Mehmet Görmez hoca bir tarihte Çankırı’ya gider. Kanuni döneminden kalma Süleyman Camii’nde Cuma namazı kılar. Namaz esnasında, ‘Hocam, hutbeye buyurun’ derler. Hoca Cuma hutbesini irat etmek üzere minbere çıkar. Ancak zihninde hangi konuda, nasıl bir hutbe irat edeceğine dair tereddüt vardır.
YÜZLERCE YIL ÖNCE YAZILMIŞ BİR HÜSNÜ HAT
Derken başını yukarı kaldırır. Büyük olamayan kubbede bir hüsnü hat görür. Orada şöyle yazar:
“Kalbin semasına doğan ilk ışık hikmet yıldızıdır. Sonra ilim ayıdır. Sonra marifet güneşidir.
Hikmet yıldızının ışığında eşyanın hakikati müşahede edilir. İlim ayının ışığında mana alemi müşahede edilir. Marifet güneşinin ışığında Hazreti Mevla müşahede edilir.”

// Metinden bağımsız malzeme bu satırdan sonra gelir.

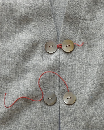 En esta primera opción cose unos botones grandes tapando el ojal de uno de los lados y colocar una cinta de color vistoso para hacer un pasador.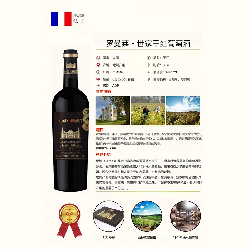 罗曼莱世家干红葡萄酒,14度,750mlx6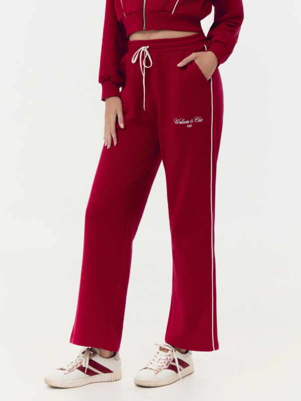 Áo khoác dáng crop-top cổ trụ với khóa kéo kim loại toàn thân, phần bo gấu ôm nhẹ eo giúp cân đối tỉ lệ cơ thể. Quần thể thao dáng suông, cạp chun kèm dây rút linh hoạt, mang lại cảm giác thoải mái khi di chuyển. Điểm nhấn nằm ở đường viền trắng chạy dọc cầu vai áo và sườn quần, cùng chi tiết thêu logo và chữ tạo nét thể thao đặc trưng.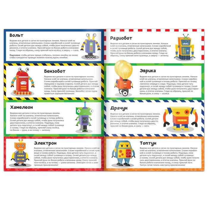В ней ребёнок найдёт целых 8 фигурок андроидов, которые нужно собрать из бумаги. Малышу предстоит вырезать детали и склеить их между собой.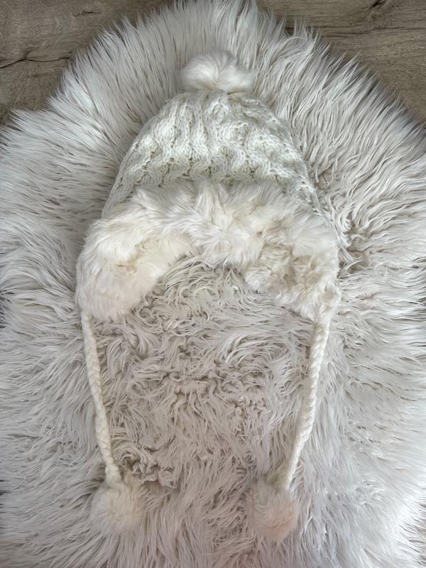 Белая шапка с завязками и бубоном 1+1=3
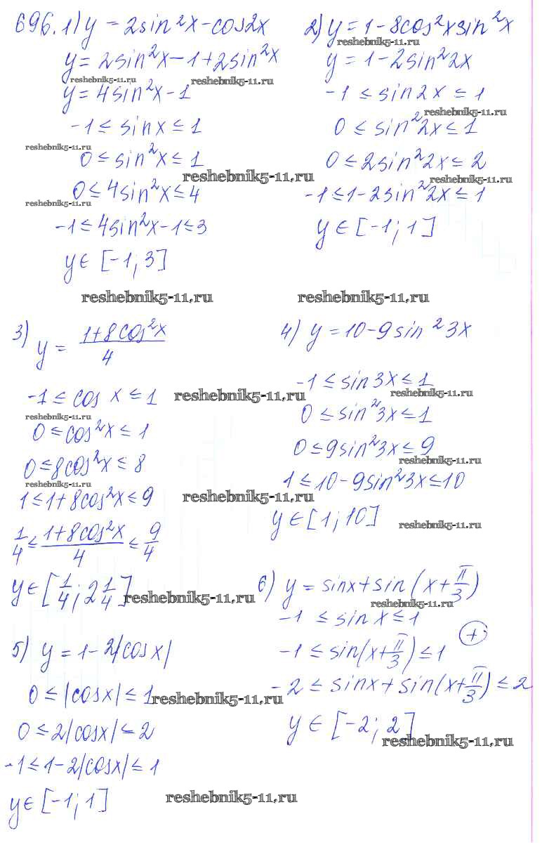 Готовая домашняя работа с ответами по Алгебре за 10, 11 класс Алимов, Ткачева, Колягин, Федорова, Шабунин Учебник Базовый и углубленный уровень Просвещение 2015 ФГОС - Упражнения 696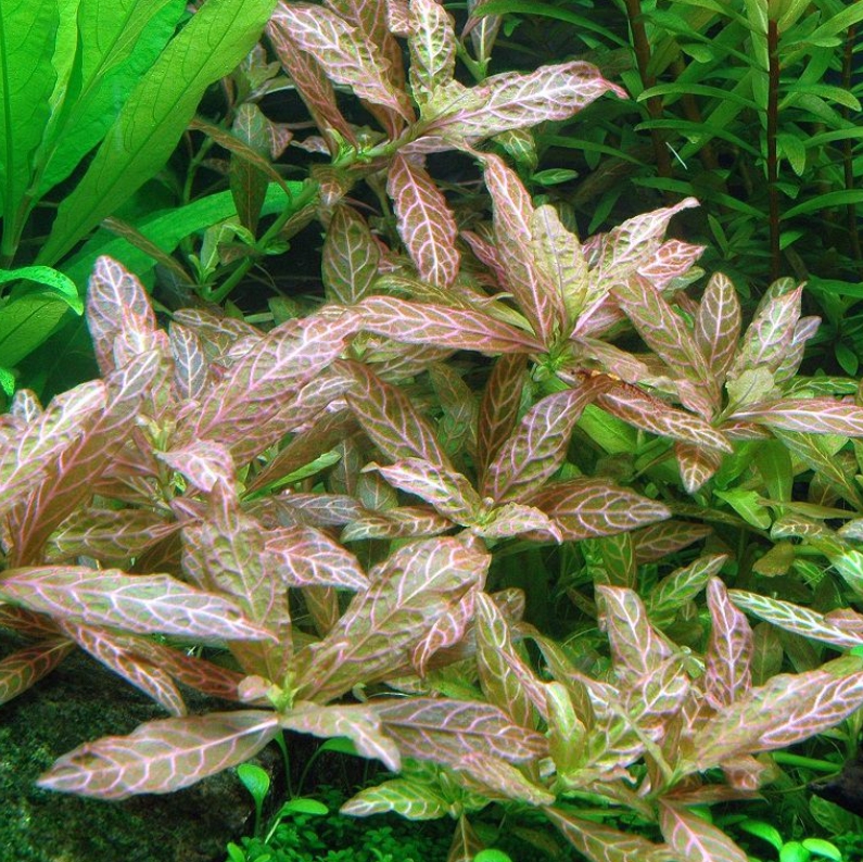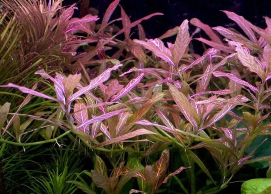 Гигрофила узорчатая розовая (Hygrophila polysperma 'Rosanervig') — это селекционная форма известной гигрофилы многосемянной, которая выделяется на фоне других аквариумных растений необычной окраской . Её главная особенность — контрастные белые, розовые или кремовые прожилки, которые создают на листовых пластинах эффектный «мраморный» или сетчатый узор . При интенсивном освещении верхушки растения окрашиваются в насыщенные розово-красные тона, что делает его одним из самых ярких и доступных цветовых акцентов для аквариума .

Hoca gördüğü bu hüsnü hattan çok etkilenir. Zira bu kubbe kuşağı yazısı İstanbul’da Süleymaniye’de değil, Anadolu’da, bir zamanlar Kastamonu’nun bir kasabası olan Kengırı’de (Çankırı) yüzyıllar önce yapılmış bir caminin içine yazılmıştır.